I guess I can solve this by integral by parts, $$\int_\gamma \frac{e^z-e^{-z}}{z^4}dz=\int^{2\pi}_0 \frac{e^{e^{it}}-e^{-e^{it}}}{e^{3it}}dt=\int^{2\pi}_0 \frac{e^{e^{it}}}{e^{3it}}dt-\int^{2\pi}_0 \frac{e^{-e^{it}}}{e^{3it}}dt$$

we first compute $\int^{2\pi}_0 \frac{e^{e^{it}}}{e^{4it}}dt$. Let $u=e^{it}\implies du=ie^{it}dt$ and $dv=e^{3it}\implies v=e^{3it}/3i$, hence we have $$[\frac{e^{it}e^{3it}}{3i}]^{2\pi}_0-\frac{1}{3}\int^{2\pi}_0e^{4it}dt=0$$ Similarily, $\int^{2\pi}_0 \frac{e^{-e^{it}}}{e^{3it}}dt=0$ Hence, we have the integral to be zero.

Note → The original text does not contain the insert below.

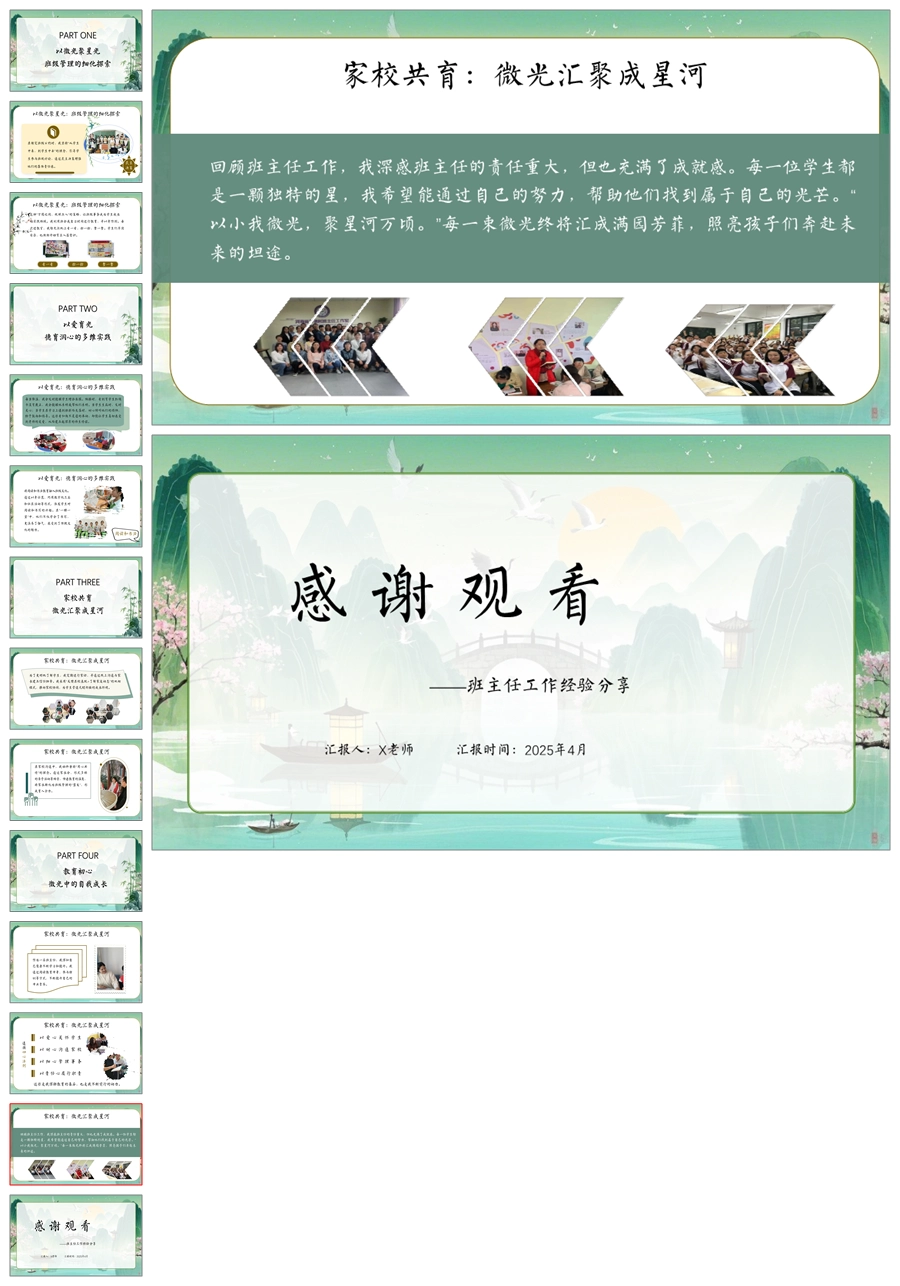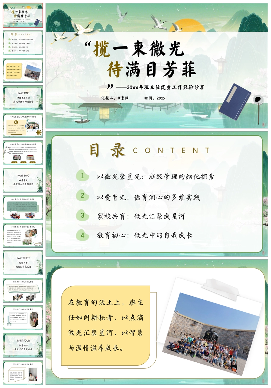 【8422】《揽一束微光》小学班主任工作经验分享PPT课件+发言稿

But I was wondering if I can use any propositions relating to holomorphic functions on a disc to conclude that the above integral is zero since $\gamma $ is a closed curve. If I want to compute the integral this way, how should I begin?

Thanks!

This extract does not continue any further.